Normalization question

[brad62]

This is something that I find pretty hard to do the easy way, since I'm a newbie.
I will try to describe what I'm looking for and since my own thoughts are not
that easy to follow I thought I will make a fictive Car Rental instead. So you
guys will understand what it's all about.

Let's say I have a small business where people can rent a car.
I have 5 employees in a table called USERS (user_id, username, password, phone)
I have a table with CARS (car_id, model, booked, registered_by)
And a third table for BOOKINGS (book_id, registered_by, booked_car, customer)

So my site will start logging in a user (where I also start a session for that username)
Then there will be a list of all the bookings in the MySQL
Here I want to see booked_car, model, registered_by and also the cars that are available.

If a car isn't in the list (which is true the first times of course), the user will be
able to click a button to add a car to the database.

Now I started to be unsure...
When a user adds a car it won't show up in the table, since it's not booked.
Should I make an insert into the BOOKINGS at the same time as the car is added,
that says it's linked to CARS but mark it as unbooked.

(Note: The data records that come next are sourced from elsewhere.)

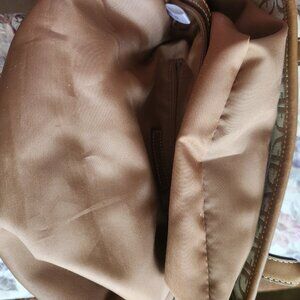 FOSSIL women's Hand/Satchel bag, Beige Canvas Signature Logo Print/ genuine leather trim and Handles, with Sign of this Brand-KEY. The bag is a Large, Measures-13"x9"x4.5", 2 handles, strap drop-10"+. Condition is a good with small sings of using-no visible damage Very nice item
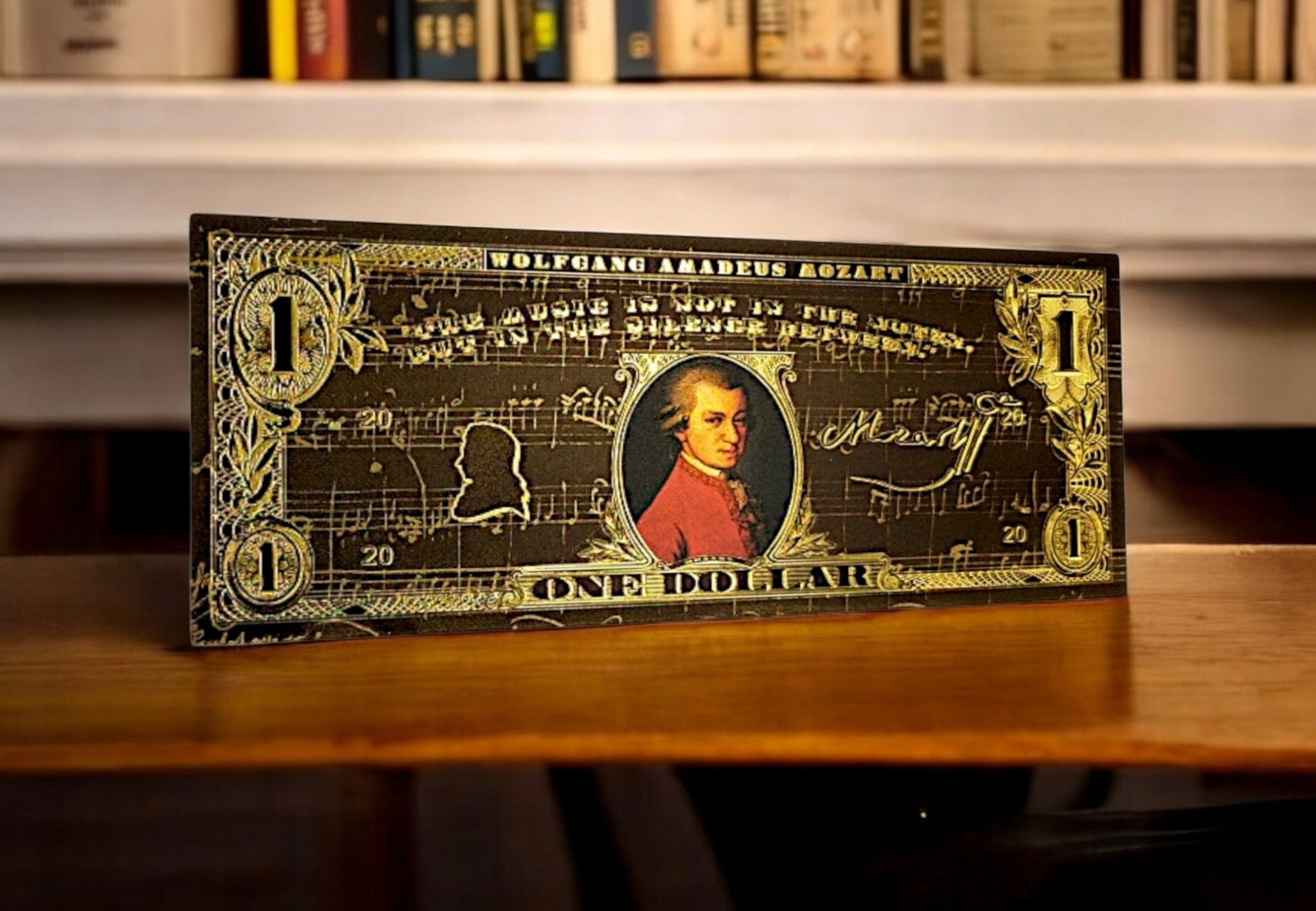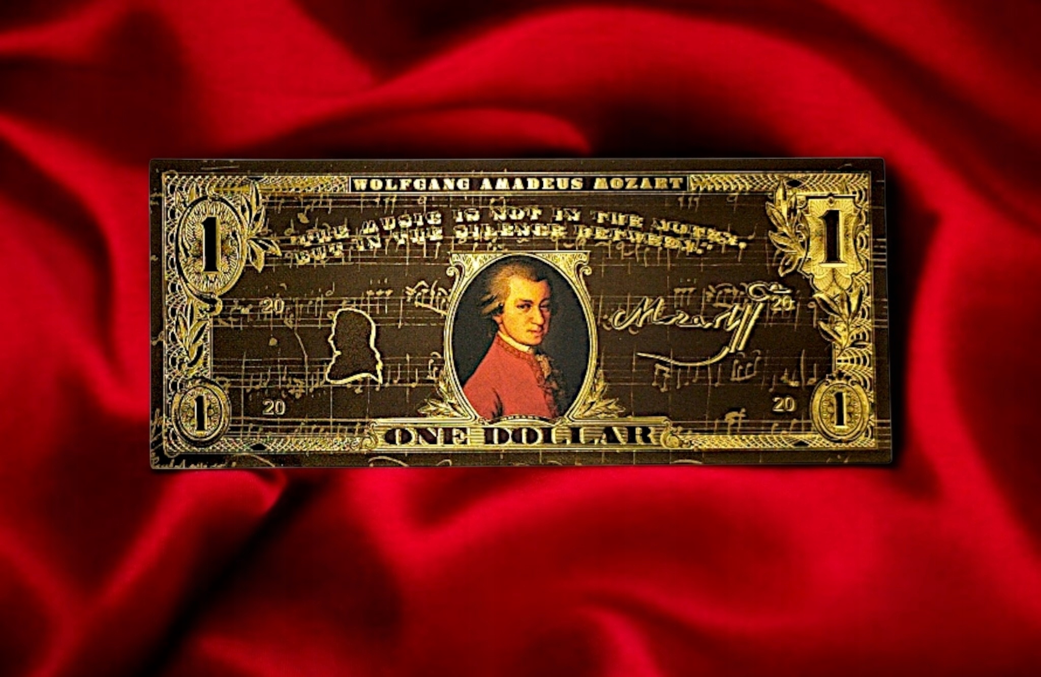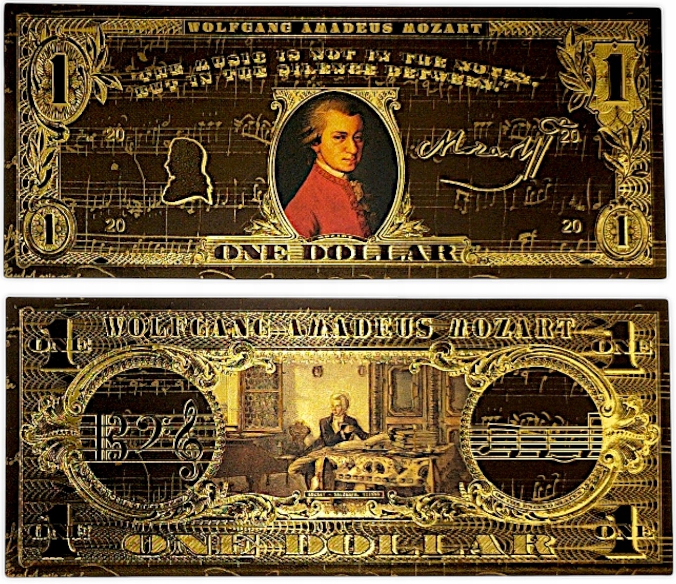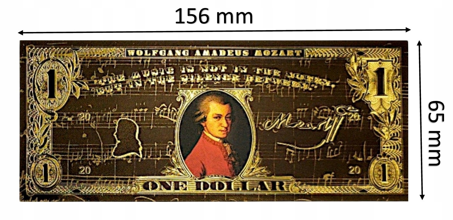 Если вы любите классику, искусство и элегантность, эта причудливая банкнота с Вольфгангом Амадеусом Моцартом создана для вас! ✨ h2> Золотой черный дизайн, богатые украшения и цитата Music Master делают его не только красивым предметом коллекционера, но и уникальным подарком для каждого поклонника классической музыки
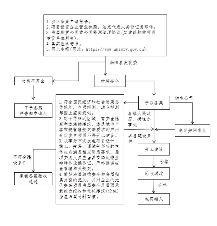 其他分布式光伏项目,项目业主自主选择投资开发企业后,由投资开发企业登录“安徽省投资项目在线审批监管平台”向县发改委申请备案,并提供项目基本信息、项目符合产业政策承诺书、产权证明(户用光伏用电户名与光伏新装屋顶户主身份证明一致的,无需提供)、租赁协议(合作开发协议)、营业执照复印件和法人身份证复印件等有关材料。

Or should I just add the car and in the table showing all the bookings make something
that also shows cars that are not booked?

I just don't understand how to make the connections here. And which way is the right
way to do it here. Or the best. And smartest?

I guess it's best to have some kind of connection between all the 3 tables with an
id telling every table how they connect.
Like users.user_id = bookings.registered_by
and users.user_id = registered_by
and cars.car_id = bookings.booked_car

Or is that too many? It's so hard to plan all the parts the first time.
Since a car can be booked several times as well. I might want to keep old bookings
alive as well. For future use. Who knows? They say one should plan a long time ahead.

I hope you people understand this complicated description of my problem.
But I think a car booking would be pretty easy to use as an example.

[r937]

If a car isn't in the list (which is true the first times of course), the user will be able to click a button to add a car to the database.

the car isn't in the car table if the company buys a new car to add to its fleet

is that what you mean by "the user will be able to click a button to add a car to the database"?

When a user adds a car it won't show up in the table, since it's not booked. Should I make an insert into the BOOKINGS at the same time as the car is added, that says it's linked to CARS but mark it as unbooked.

no, don't do that

the booking table should only be for cars that are booked

if you add a new car to the fleet, you should go through two steps -- add the car, and then book it the same way as you book any existing car

i would never create an entry in a booking table that says it isn't really booked

Or should I just add the car and in the table showing all the bookings make something that also shows cars that are not booked?

no, don't do that

the cars that aren't booked should not be in the booking table at all

if a customer wants to book a car, you just search for all the cars that aren't in the booking table

users.user_id = bookings.registered_by
and users.user_id = registered_by
and cars.car_id = bookings.booked_car

yes, that's fine

[brad62]

Well, I want all the cars to show up in that first list. Even if they aren't booked.

I wanna make a table showing all the cars, and a field showing if it's booked or not.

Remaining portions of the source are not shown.